- GIVEN INFORMATION -

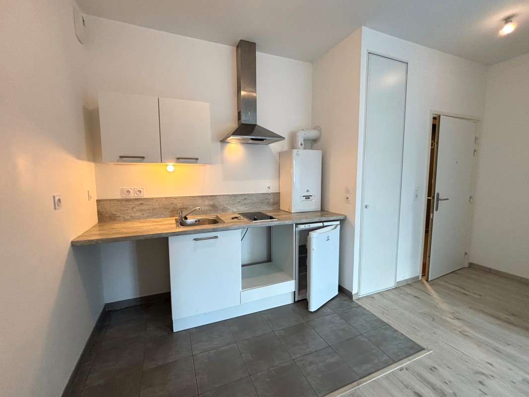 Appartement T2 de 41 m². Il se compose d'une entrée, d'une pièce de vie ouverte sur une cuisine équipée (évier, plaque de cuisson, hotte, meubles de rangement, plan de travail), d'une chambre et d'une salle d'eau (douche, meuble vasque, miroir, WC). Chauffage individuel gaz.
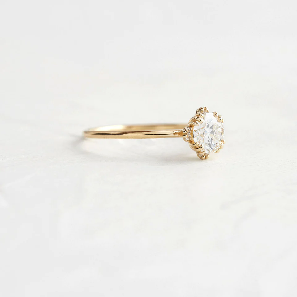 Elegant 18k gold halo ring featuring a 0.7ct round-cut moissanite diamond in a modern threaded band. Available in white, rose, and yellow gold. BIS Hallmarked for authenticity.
...
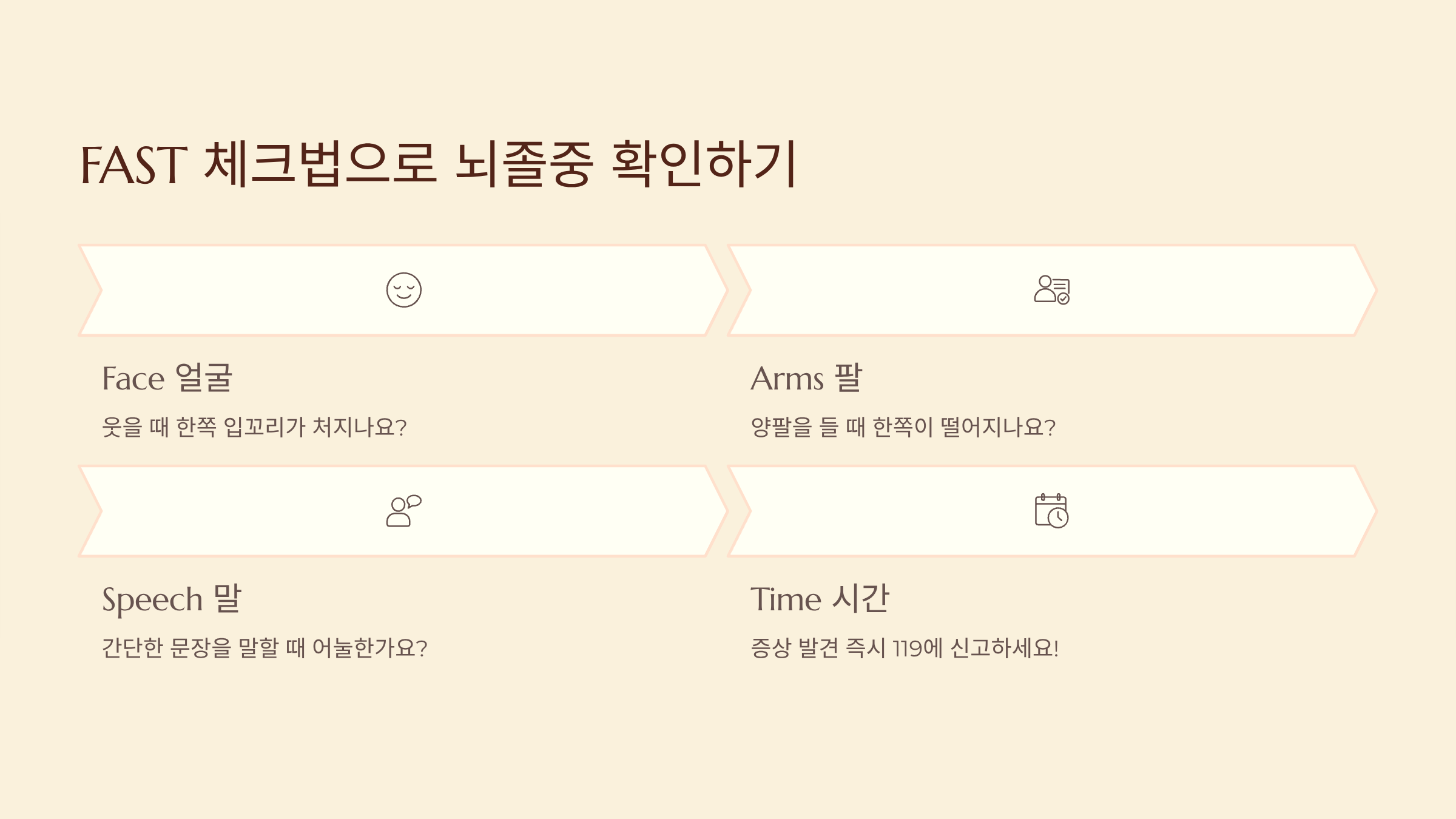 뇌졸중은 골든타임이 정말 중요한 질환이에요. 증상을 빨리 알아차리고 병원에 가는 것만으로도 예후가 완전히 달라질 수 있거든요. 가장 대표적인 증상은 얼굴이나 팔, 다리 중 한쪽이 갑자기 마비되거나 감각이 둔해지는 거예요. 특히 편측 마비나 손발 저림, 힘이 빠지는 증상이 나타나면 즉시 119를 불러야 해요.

- EXERCISE -
Copy the lines above between the one holding "Appartement T2 de" and the one holding "Elegant 18k gold", inclusive. Drop the pictures.

- EXERCISE OUTPUT -
 Appartement T2 de 41 m². Il se compose d'une entrée, d'une pièce de vie ouverte sur une cuisine équipée (évier, plaque de cuisson, hotte, meubles de rangement, plan de travail), d'une chambre et d'une salle d'eau (douche, meuble vasque, miroir, WC). Chauffage individuel gaz.
 Elegant 18k gold halo ring featuring a 0.7ct round-cut moissanite diamond in a modern threaded band. Available in white, rose, and yellow gold. BIS Hallmarked for authenticity.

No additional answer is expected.